Очень тяжелой бывает минута, когда в молодости начинаешь понимать, что одним только святым огнем, одним только желанием нельзя двинуть науку ни на миллиметр вперед. После того как число моих неудачных опытов перевалило за тысячу, а лаборанты, вынося обугленные образцы целыми корзинами, начали уже откровенно перемигиваться, я вспомнил о Северном море. Я уже говорил вам, что все это происходило в Гамбурге.
С этими словами Райнер обернулся туда, где над матовой деревянной панелью на стене виднелся экран телевизора, и показал палочкой одно место на Земле. Ее северное полушарие, освещенное светом, притушенным тучами, выделялось на черном фоне.
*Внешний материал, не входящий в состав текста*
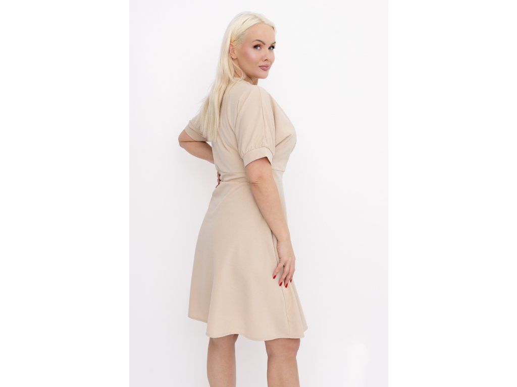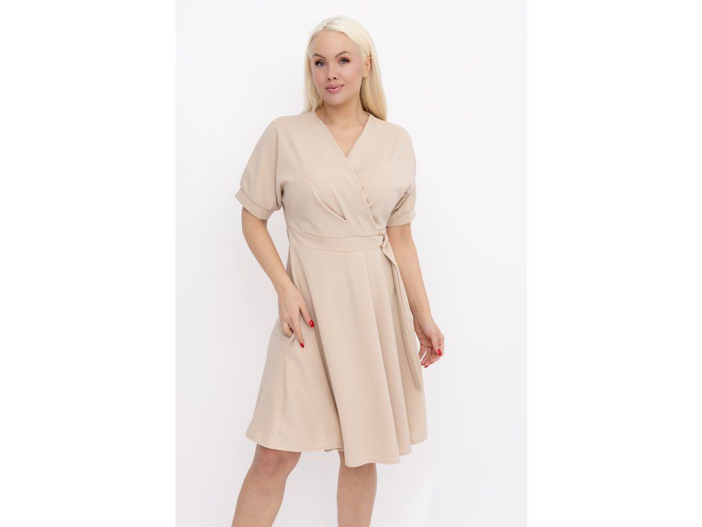 Střih šatů je navržen tak, aby lichotil postavě – jemně zvýrazní pas a zároveň působí velmi přirozeně a uvolněně. Béžová barva je univerzální a snadno kombinovatelná, takže šaty využijete jak do práce, tak na setkání, večeři nebo speciální příležitosti.

На самом краю диска, между отрогами Скандинавского полуострова и темным массивом Европы, врезалось море — и палочка, скользнув по стеклу экрана, прошла, невидимому, над тем местом, где у основания Ютландского полуострова лежит Гамбург. Впервые за всю свою историю человек воспользовался Землей с расстояния тысячи километров, как картой. Простой жест Райнера внезапно отвлек нас от воспоминаний и перенес вглубь межпланетного пространства. Тем временем химик, все еще водивший палочкой по экрану, словно это доставляло ему какую-то детскую радость, продолжал:
— Я начал ходить в порт, к морю, чтобы немного освежить голову. Насколько раньше я был уверен в себе, не сомневаясь, что знаю все и что только один шаг отделяет меня от заветной двери, — меня поймет всякий, кто хоть раз в жизни испытывал опьяняющую радость приближения к двери, за которой таится разрешение загадки, — настолько теперь мне казалось, что я ничего не знаю — и даже хуже того, — что ничего у меня не получится, так как, попросту говоря, я для этого слишком глуп.
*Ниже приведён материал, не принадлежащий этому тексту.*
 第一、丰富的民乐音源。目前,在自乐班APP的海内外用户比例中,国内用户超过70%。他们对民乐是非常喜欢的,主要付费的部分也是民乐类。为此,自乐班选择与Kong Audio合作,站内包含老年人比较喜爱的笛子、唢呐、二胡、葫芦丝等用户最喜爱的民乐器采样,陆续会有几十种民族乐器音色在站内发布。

Осеннее море становилось все более бурным, и по волнам, высоким, темным волнам порта, ползали баржи, а дальше, в открытом море, шли корабли, пароходы, и время от времени появлялись паруса рыбачьих скутеров. Я ходил на мол и оставался там так долго, что сторожа заподозрили во мне человека, который хочет покончить самоубийством и никак не может решиться. Но голова моя была полна силиконами и полистиренами, и я не видел ни сторожей, ни моря, ни кораблей, — во всяком случае, мне казалось, что я их не вижу. Я был немного похож на ребенка, которому дали рассыпанную мозаику из множества мелких кусочков и велели сложить ее, а он не умеет. Я не знал, что с чем соединять, но то ли по привычке, то ли от безнадежности складывал мысленно разные фрагменты. Ничего не получалось. Тогда я принялся ходить к профессорам и мучить их вопросами, пока один из них, потеряв терпение, не сказал: «Я, что ли, должен делать за вас?» — и раз навсегда избавил от меня и себя и других. Я снова вернулся к морю. Теперь мне известно, но тогда я не знал, потому что голова у меня, как я уже сказал, была битком набита полистиренами, что уходил я домой только тогда, когда возвращалась одна рыбачья флотилия, вернее — один небольшой парусник, самый быстроходный из всех. У него были как-то особенно подняты паруса. Часто, когда становилось уже совсем темно, я не уходил, а стоял и ждал его. С каким-то не вполне объяснимым любопытством я следил, как он двигался среди пенящихся волн. Я в навигации разбирался слабо, а в том, как он двигался, словно оснащенный крыльями, не было ничего такого, что я мог бы связать со своей работой. Просто прибытие этого парусника было для меня знаком, что прогулку на молу пора кончать.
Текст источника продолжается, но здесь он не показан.